See [docs/architecture.md](docs/architecture.md) for detailed documentation including:
- System overview and component diagrams
- Two-tier search architecture
- Storage layer (Walrus + RocksDB)
- Rebalancer and clustering algorithms
- Data flow diagrams

```
SatoriHandle ──▶ Router Manager ──▶ HNSW Index (centroids)
      │                                   │
      │         ┌─────────────────────────┘
      │         ▼
      │    Bucket IDs ──▶ Consistent Hash Ring
      │                          │
      ▼                          ▼
  Workers ◀──────────────── bucket_id → shard
  Walrus (storage) + RocksDB (indexes)
```

## Configuration

| Variable | Default | Description |
|----------|---------|-------------|
| `SATORI_REBALANCE_THRESHOLD` | `2000` | Split bucket when vector count exceeds this |
| `SATORI_ROUTER_REBUILD_EVERY` | `1000` | Rebuild HNSW index after N upserts |
| `SATORI_WORKER_CACHE_BUCKETS` | `64` | Max buckets cached per worker |
| `SATORI_WORKER_CACHE_BUCKET_MB` | `64` | Max MB per cached bucket |
| `SATORI_VECTOR_INDEX_PATH` | `vector_index` | RocksDB path for id→vector index |
| `SATORI_BUCKET_INDEX_PATH` | `bucket_index` | RocksDB path for id→bucket index |
| `WALRUS_DATA_DIR` | `./wal_files` | Storage directory |

### Durability

Configure via `FsyncSchedule` when creating Walrus:

```rust
// Fsync every 200ms (default), balances durability and throughput
FsyncSchedule::Milliseconds(200)

// Fsync every write, maximum durability
FsyncSchedule::SyncEach

// No fsync, maximum throughput, data loss on crash
FsyncSchedule::NoFsync
```

## Build

```bash
cargo build --release
```

## Test

## Benchmark (BigANN)

- Requires significant disk (~1TB+ download + converted).
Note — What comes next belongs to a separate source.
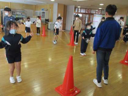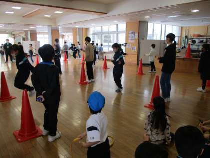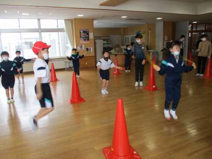 たくさんの1年生が自主的に参加し、30秒間で前跳びが何回跳べるか挑戦しました。
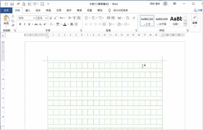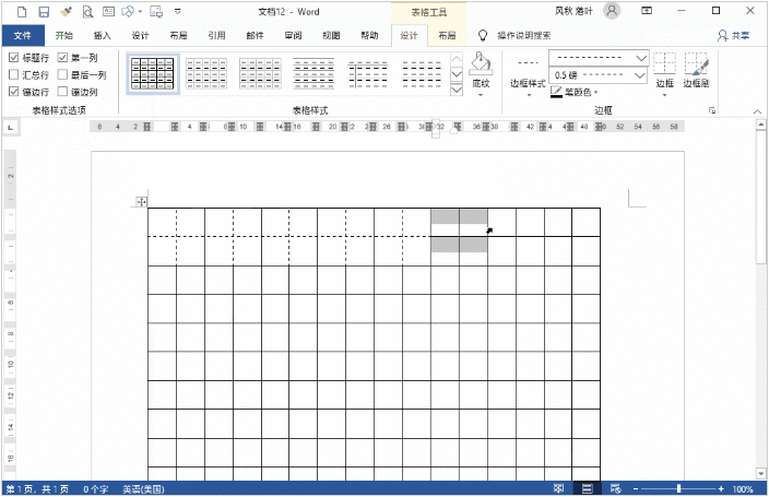 4) 再次选择旁边的“田字格”,按F4键重复虚线效果,以此类推,完成全部表格的“田字格”设定;

See `Makefile` targets.
- Run `make benchmark` to download BigANN base/query/ground-truth, convert the base set via `prepare_dataset`, and execute the benchmark (`SATORI_RUN_BENCH=1 cargo run --release --bin satoridb`).
- Default ingest ceiling is 1B vectors (BigANN); uses streaming ingestion and queries via `src/bin/satoridb.rs`.
- On 1B+ (bigger-than-RAM) workloads, the benchmark reports 95%+ recall using the default settings.

## License

See [LICENSE](LICENSE).

> **Note**: SatoriDB is in early development (v0.1.0). APIs may change between versions. See [CHANGELOG.md]CHANGELOG.md for release notes.